Task instructions »
Find, in the records below, the line that contains "Hội An nức tiếng" and the line that contains "Vibact DS capsule". Copy those two lines and everything between them exactly, but not the pictures.

Supplied information »
=======
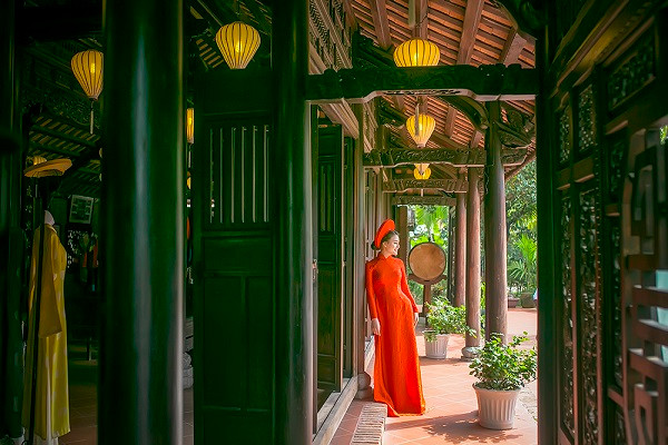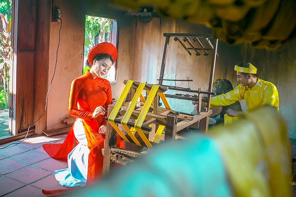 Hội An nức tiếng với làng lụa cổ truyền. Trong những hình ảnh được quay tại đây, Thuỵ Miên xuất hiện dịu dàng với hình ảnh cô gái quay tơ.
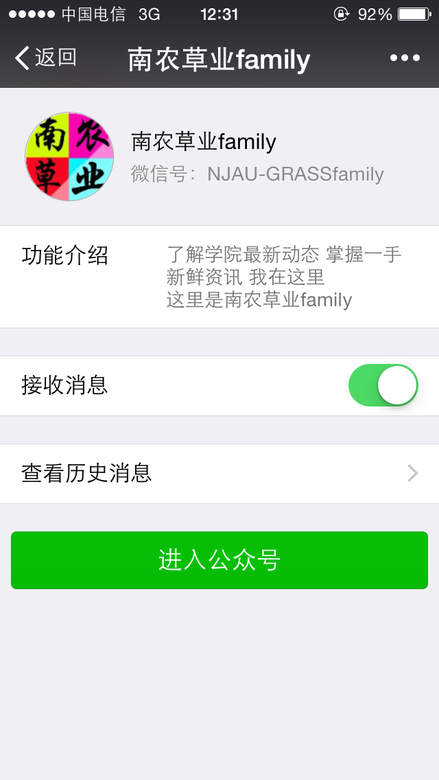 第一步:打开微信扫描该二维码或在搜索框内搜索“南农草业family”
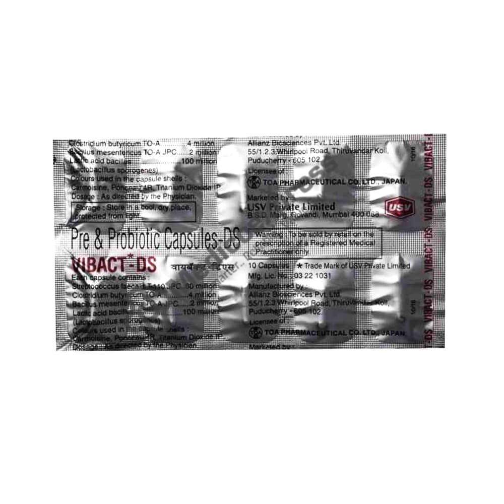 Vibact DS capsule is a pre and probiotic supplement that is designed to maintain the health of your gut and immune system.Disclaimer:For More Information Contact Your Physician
=======
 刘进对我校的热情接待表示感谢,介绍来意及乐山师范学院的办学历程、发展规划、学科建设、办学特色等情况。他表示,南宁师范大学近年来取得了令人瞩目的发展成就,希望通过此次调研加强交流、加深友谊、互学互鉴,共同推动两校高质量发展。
=======
Problem solution »
 Hội An nức tiếng với làng lụa cổ truyền. Trong những hình ảnh được quay tại đây, Thuỵ Miên xuất hiện dịu dàng với hình ảnh cô gái quay tơ.
 第一步:打开微信扫描该二维码或在搜索框内搜索“南农草业family”
 Vibact DS capsule is a pre and probiotic supplement that is designed to maintain the health of your gut and immune system.Disclaimer:For More Information Contact Your Physician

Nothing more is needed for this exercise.